I looked up suddenly and Pappy was giving me that curious look. I felt my face warm. I had been speaking my thoughts out loud.

“Well?” I said.

“Nothing, son,” Pappy said soberly. “Not a thing.”

It was late in the afternoon when we finally sighted Abilene. The noise, the bawling of cattle, the shrill screams of locomotive whistles around the cattle pens, the fitful cloud of dust that surged over the place like a restless shroud gave you an idea of what the town was like long before you got close enough to be part of it. Over to the west we could see new herds coming up from North Cottonwood, heading for the dozen of giant cattle pens on the edge of town. Pappy and I circled the cattle pens, and the combined noise of prodded steers and locomotives and hoarsely shouting punchers was like something out of another world. It was worse than a trail drive. It was like nothing I had ever seen before. I had never seen a train before, and I kept looking back long after we had passed the pens, watching the giant black engine with white steam spurting in all directions, and the punchers jabbing the frightened cattle with poles, forcing them through the loading gates and into the slatted cattle cars.

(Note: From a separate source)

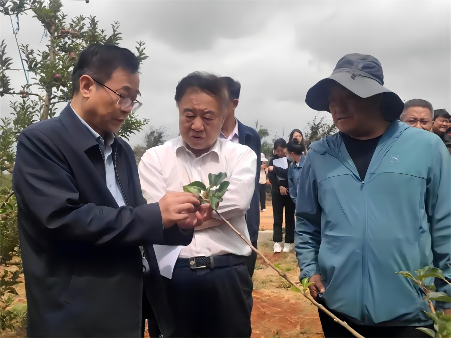 院士专家在石林有机果园查看果树情况(5月13日摄)。供图
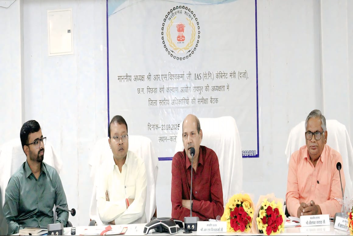 सक्ती :- 23 सितंबर 2025 // छत्तीसगढ़ राज्य पिछड़ा वर्ग कल्याण आयोग के अध्यक्ष केबिनेट मंत्री दर्जा आर.एस.विश्वकर्मा आई.ए.एस.(सेवानिवृत) ने सदस्यगण नीलांबर नायक, बलदाउ राम साहू, हरिशंकर यादव,यशवंत सिंह वर्मा,कृष्णा गुप्ता एवं सचिव अमित श्रीवास्तव की उपस्थिति में जिला स्तरीय विभागीय अधिकारियों की बैठक लेकर जिले में केन्द्र और राज्य शासन द्वारा संचालित विभिन्न योजनाओं के तहत शहरी तथा ग्रामीण क्षेत्र में अन्य पिछड़ा वर्ग के लाभान्वित हितग्राहियों की विस्तारपूर्वक जानकारी ली। छत्तीसगढ़ राज्य पिछड़ा वर्ग कल्याण आयोग के अध्यक्ष विश्वकर्मा ने सभी विभागीय अधिकारियों को शासन की विभिन्न जनकल्याणकारी योजनाओं से ओबीसी वर्ग को लाभ पहुंचाना सुनिश्चित करने के निर्देश दिए। बैठक में उन्होने अन्य पिछड़ा वर्ग के समाजिक एवं आर्थिक सर्वे की पंचायतवार विस्तारपूर्वक जानकारी लेते हुए आवश्यक निर्देश दिए। बैठक में उन्होने कहा कि हमारा प्रदेश कृषि प्रधान है जिसके लिए उन्होने कृषि विभाग सहित संबंधित अधिकारियों को जिले के किसानों को शासन की योजनाओं का ज्यादा से ज्यादा लाभ दिलाने कहा। उन्होने समाज कल्याण विभाग और शिक्षा विभाग को मिलकर जिले के विभिन्न गांवों में शिविर लगाकर दिव्यांगजनो का चिन्हाकंन कर उन्हे शासन की योजनाओं से लाभान्वित करने और विभिन्न जनकल्याणकारी योजनाओं का जमीनी स्तर पर प्रचार प्रसार कर आमजन को जागरूक करने कहा। इस अवसर पर अध्यक्ष श्री विश्वकर्मा ने आयोग की पृष्ठभूमि के संबंध में बताया कि आयोग के बनने के पश्चात ओबीसी वर्ग के कल्याण की दिशा में कार्य किया जा रहा है। उन्होंने बताया कि आयोग द्वारा शहरी और ग्रामीण क्षेत्र में ओबीसी जनसंख्या के अनुपात में आरक्षण व्यवस्था, आर्थिक सामाजिक सुधार कार्य, शासन की योजनाओं में अन्य पिछड़ा वर्ग की भागीदारी तथा अभी तक की भागीदारी में योजनाओं का लाभ उठा पाने में वंचित का पता लगाना भी शामिल है। उन्होंने कहा कि छत्तीसगढ़ पिछड़ा वर्ग कल्याण आयोग का उद्देश्य प्रदेश में पिछड़ा वर्ग समुदाय के कल्याण को ध्यान में रखते हुए उनके आर्थिक, सामाजिक, शैक्षणिक और राजनैतिक भागीदारी फोकस करना है।

Then we came into the town itself, which was mostly one long street—Texas Street, they called it—of saloons and barbershops and gambling parlors and dance halls. Some of the places were all four wrapped in one, with extra facilities upstairs for the fancy women who leaned out of the windows shouting at us as we rode by. The street was a mill of humanity and animals and wagons and hacks of every kind I ever saw, and a lot I had never seen before. Every man seemed to be cursing, and every jackass braying, every wagon squeaking, and every horse stomping. The whole place was a restless, surging pool of sound and excitement that got hold of you like a fever.

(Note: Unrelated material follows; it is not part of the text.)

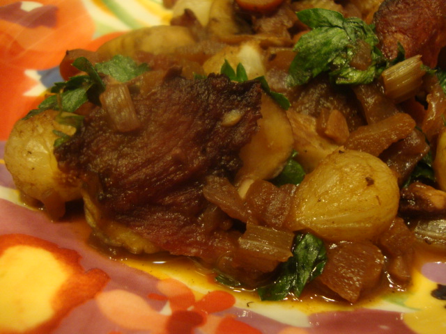Casey (who I had an obsessive girl crush on) made this during Top Chef and I’ve wanted to try it ever since. I used Cooking Light’s Easy Coq au Vin recipe and my only changes were subbing in turkey bacon and using chicken breast instead of thighs and drums.
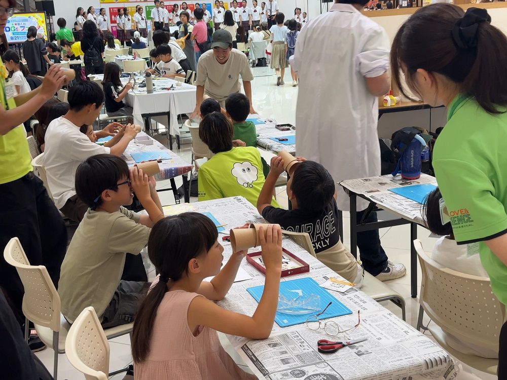 サイエンス教室では紫キャベツの溶液が酸性・アルカリ性によって色が変化する様子を観察したり、紙コップやトレーシングペーパーを使って、のぞくと景色が逆さまに映るカメラを作るなど、身近な素材で“科学の不思議”を体験。紙コップで作ったカメラをのぞき込みながら、不思議そうに声を上げる子どもたちの姿が印象的でした。

So this was Pappy's town. I didn't know if I liked it or not, but I didn't think I did. I didn't think the town would ever quiet down long enough to let a person draw an easy breath and be a part of it.

I couldn't help wondering what Pappy was going to do, now that he was here. Would he becrazy enough to walk up and kill the marshal of a town like this? I couldn't believe that Pappy would try a thing like that, not unless he knew he had some backing from somewhere. More backing than I would be able to give him.

But his face didn't tell me anything. A few curious eyes watched us as we pushed our way up the street, but most of the men were too intent on their own personal brand of hell-raising to pay any attention to us. At last Pappy pulled his big black in at the hitching rack near the middle of the block. I pulled Red in, pushing to make room between a bay and a roan.

We hitched and stepped up to the plank walk, but before we went into the bar that Pappy was headed for, I said, “Pappy, don't you think this is damn foolishness, trying to take the marshal of a place like this?”